*** Opening Provided material ***

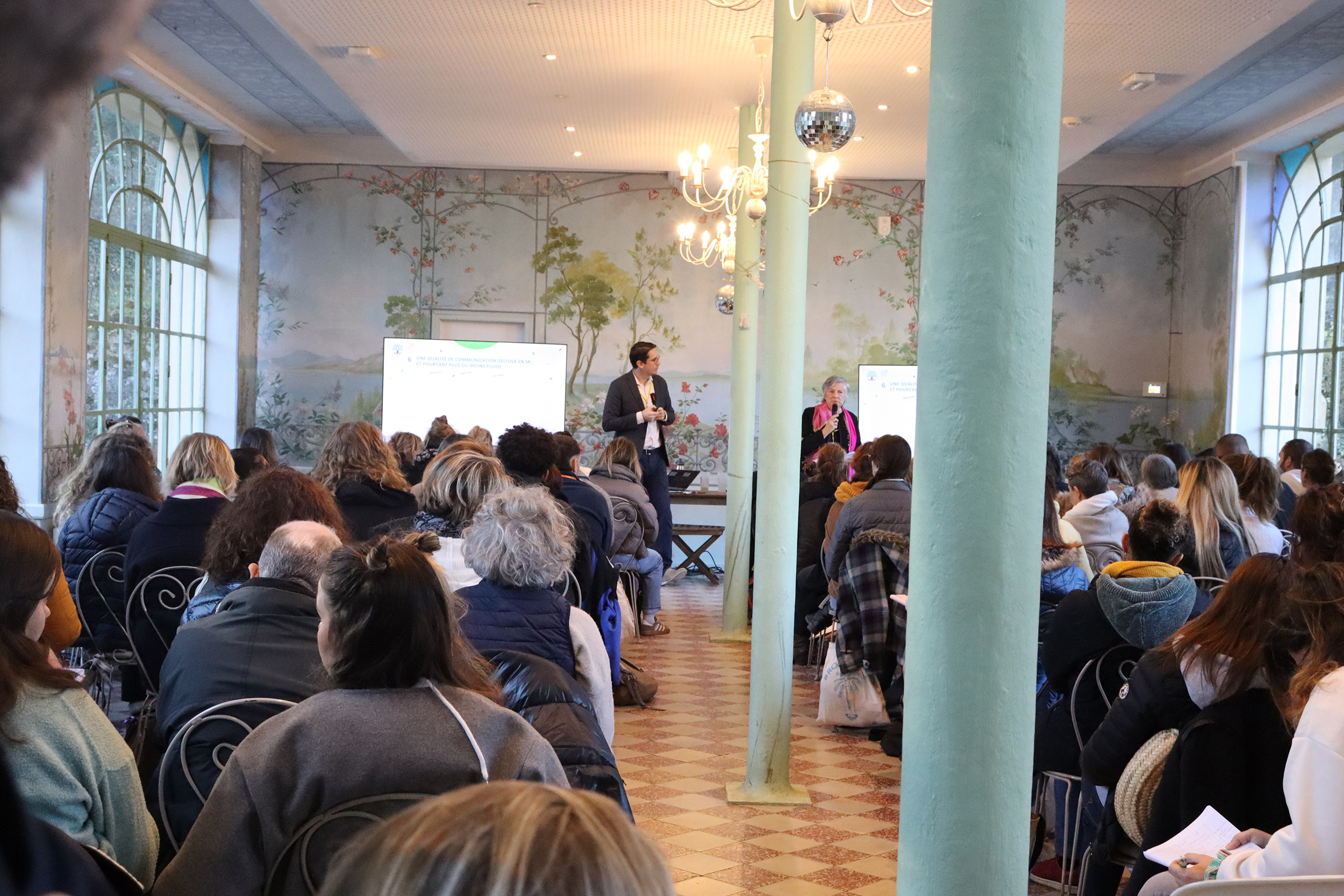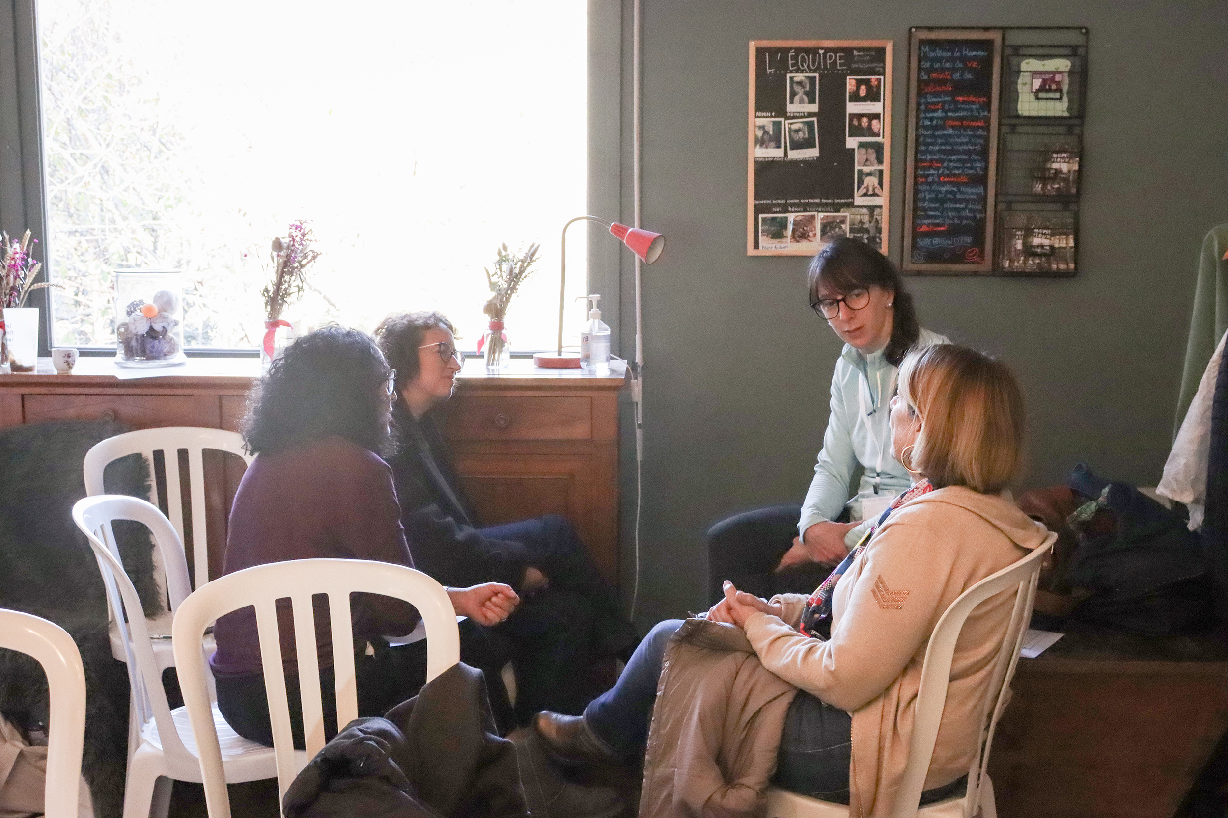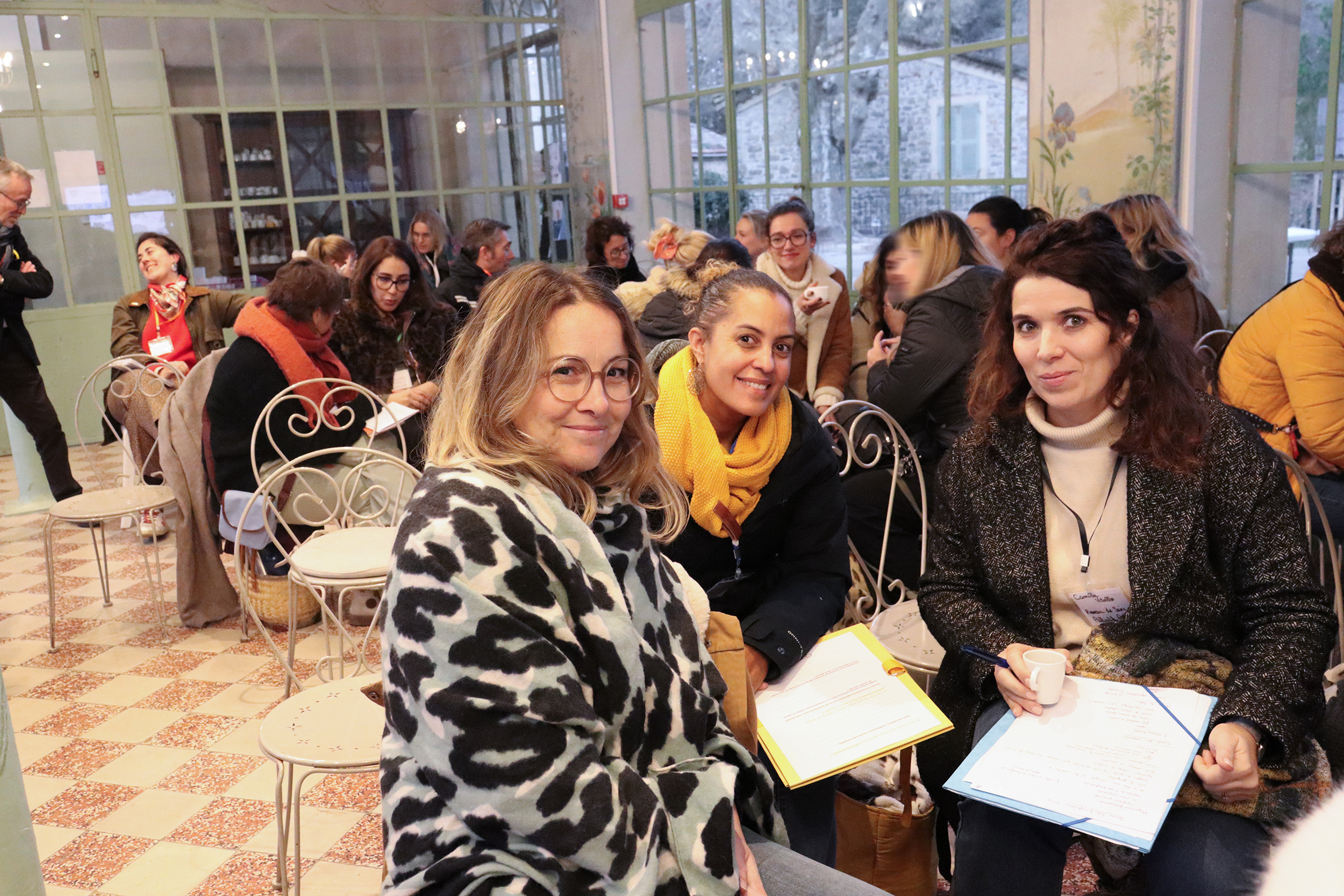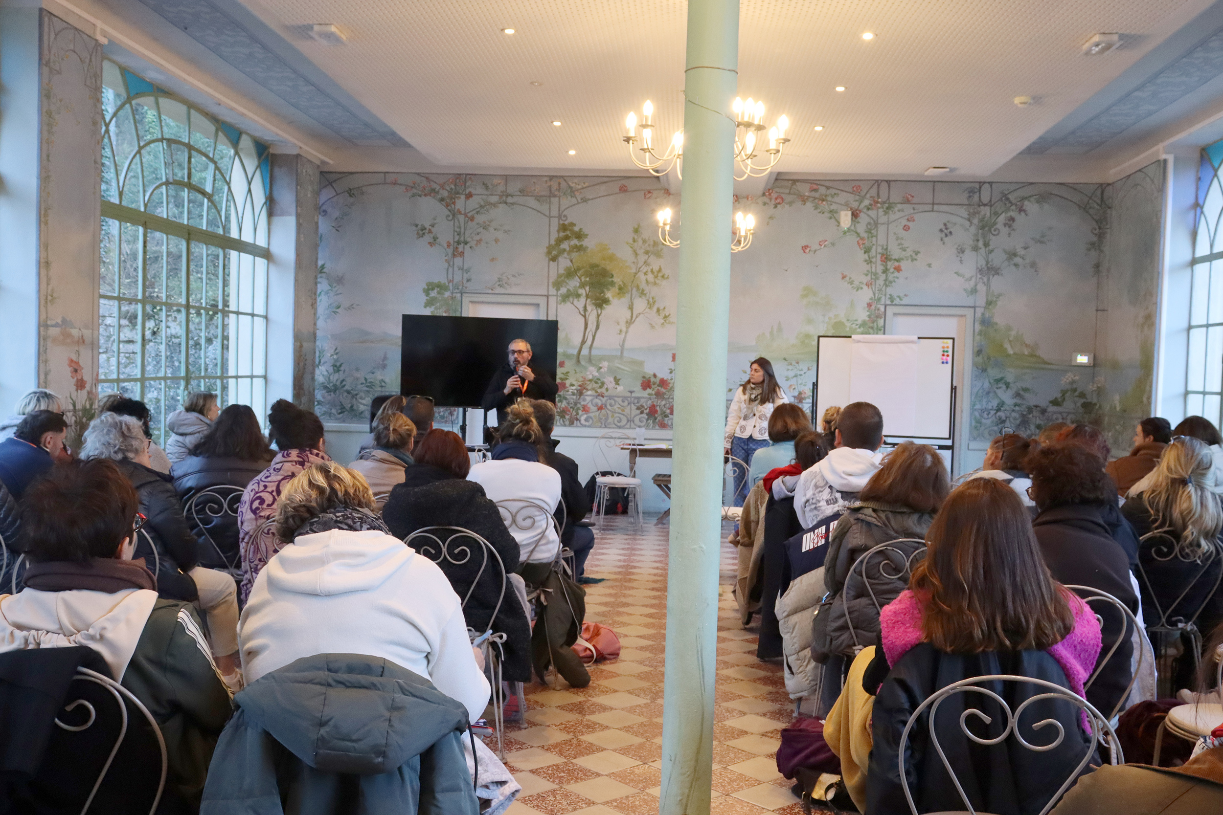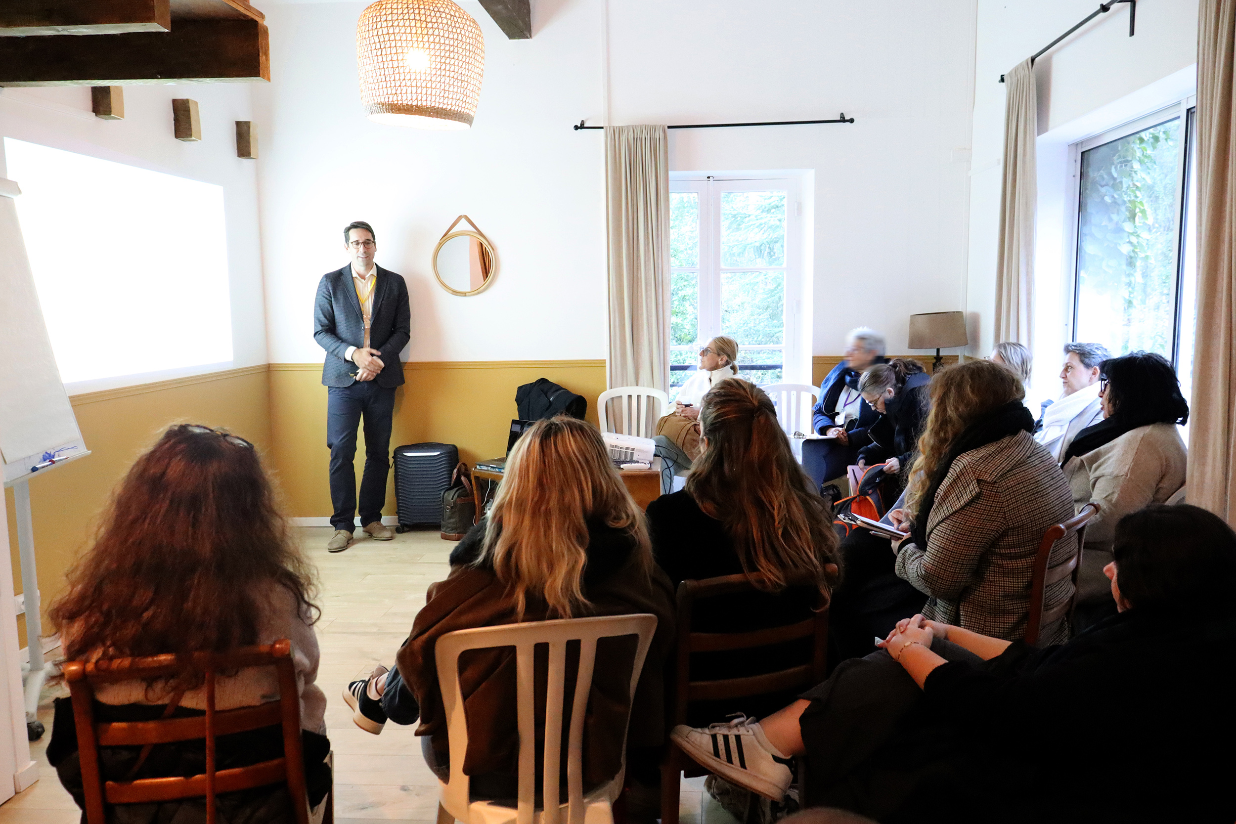 Accueillis dès le matin autour d’un café dans une vaste verrière d’époque, les participants ont rythmé leur journée entre sessions plénières, ateliers thématiques, temps de supervision et moments conviviaux. Le déjeuner, partagé en grandes tablées autour d’une cuisine maison, servi au coin du feu, a prolongé les échanges dans une atmosphère chaleureuse et propice à la convivialité.
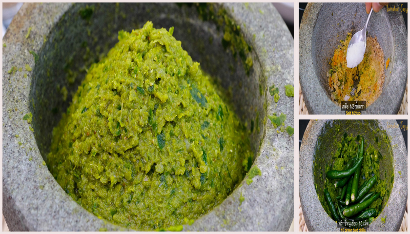 18. จากนั้นใส่พริกขี้หนูเขียวเม็ดใหญ่ลงไป 15 เม็ด แล้วตำให้ละเอียด (ใช้เวลาประมาณ 5 นาที)
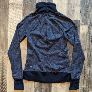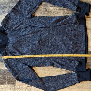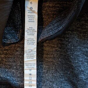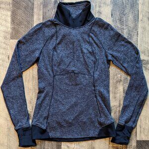 This is a Lululemon Runderful sweatshirt tee in a grey Heathered Black color. It is in excellent pre-owned condition. It is a size 6, and the last three images show measurements. Designed for running, slim fit, side zip pocket, ½ zip at the chest, high shaped collar mockneck, soft sweat-wicking stretchy Rulu fabric, reflective details for visibility in low light. Long sleeves with thumbholes and cuffins, where the cuffs have an extra flap that folds over your fingers, like built in mittens.

*** Closing Provided material ***

### Exercise brief
Here the job is to print all the data exactly, skipping any image.

### Exercise answer
 Accueillis dès le matin autour d’un café dans une vaste verrière d’époque, les participants ont rythmé leur journée entre sessions plénières, ateliers thématiques, temps de supervision et moments conviviaux. Le déjeuner, partagé en grandes tablées autour d’une cuisine maison, servi au coin du feu, a prolongé les échanges dans une atmosphère chaleureuse et propice à la convivialité.
 18. จากนั้นใส่พริกขี้หนูเขียวเม็ดใหญ่ลงไป 15 เม็ด แล้วตำให้ละเอียด (ใช้เวลาประมาณ 5 นาที)
 This is a Lululemon Runderful sweatshirt tee in a grey Heathered Black color. It is in excellent pre-owned condition. It is a size 6, and the last three images show measurements. Designed for running, slim fit, side zip pocket, ½ zip at the chest, high shaped collar mockneck, soft sweat-wicking stretchy Rulu fabric, reflective details for visibility in low light. Long sleeves with thumbholes and cuffins, where the cuffs have an extra flap that folds over your fingers, like built in mittens.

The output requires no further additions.